Testing CDK Fingerprints with Clojure

Sometime back I was bored and thought that learning Lisp would be a good past time (maybe I should get a life?). I started of with SBCL and then discovered Clojure, a Lisp dialect that compiles to the JVM. The nice thing about this is that it allows one to write Lisp but also interact quite easily with Java libraries. As a result, I can get down to writing code without having to reimplement a bunch of stuff (such as cheminformatics methods for example).

There’s been quite a buzz about this implementation in the Lisp community. It so happens there have recently been a blog post and FF threads about the possible use of Clojure in bioinformatics. As Bosco pointed out, one reason for Clojures’ attractiveness is thatĀ  it has good support for concurrent programming – but I haven’t gotten that far yet.

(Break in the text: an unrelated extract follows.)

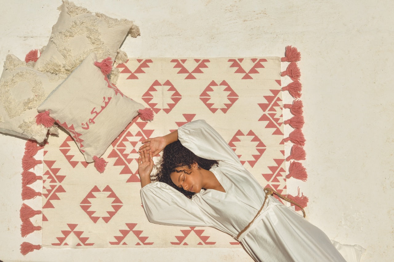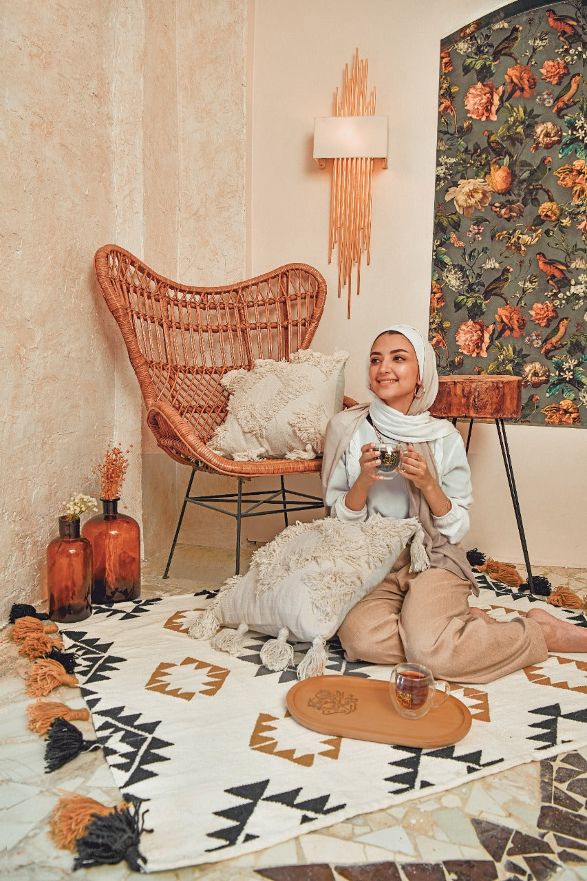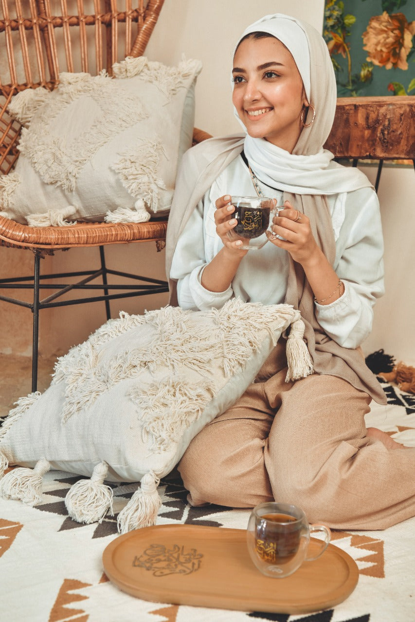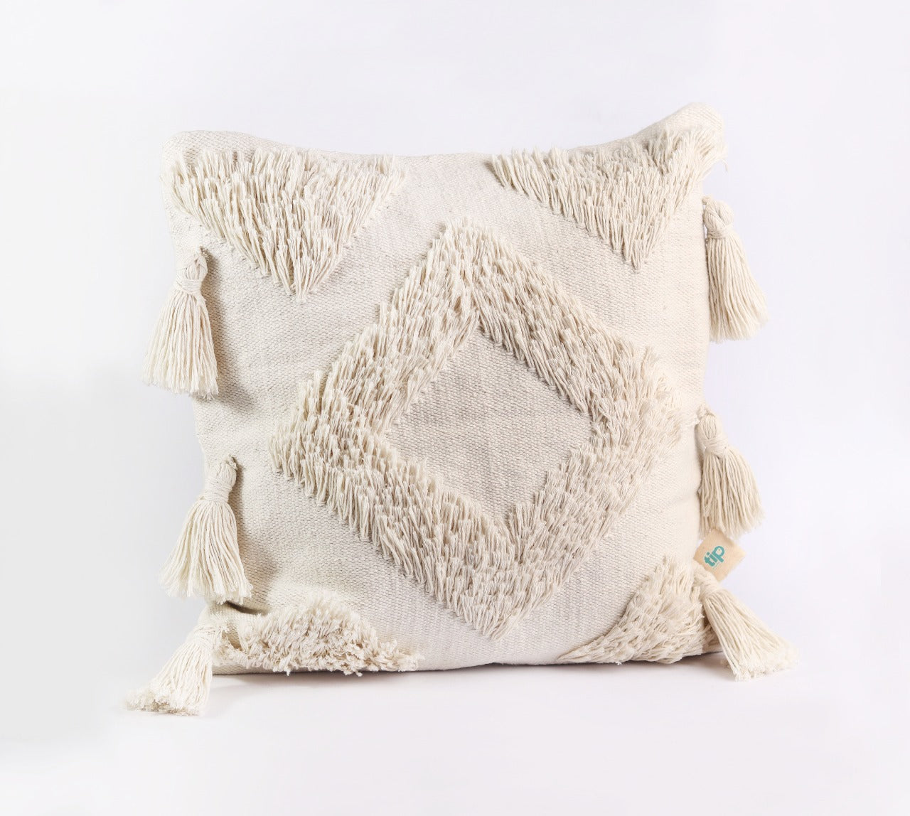 "ايفوري" غطاء خدادية مقاسها 50*50 مصنوعة يدويًا علي أرضية قطن ناعم ومريح، بتصميم بارز مزود بشراشيب

So over the last few months I’ve been playing on and off with Clojure and the CDK – mostly small stuff to get the feel for Lisp. Today I came across a blog post indicating that the CDK fingerprints weren’t doing very well at identifying substructures.



As noted in the post, the EState and MACCS don’t do very well which is not too surprising. However the post seemed to imply that the hashed fingerprints weren’t working well.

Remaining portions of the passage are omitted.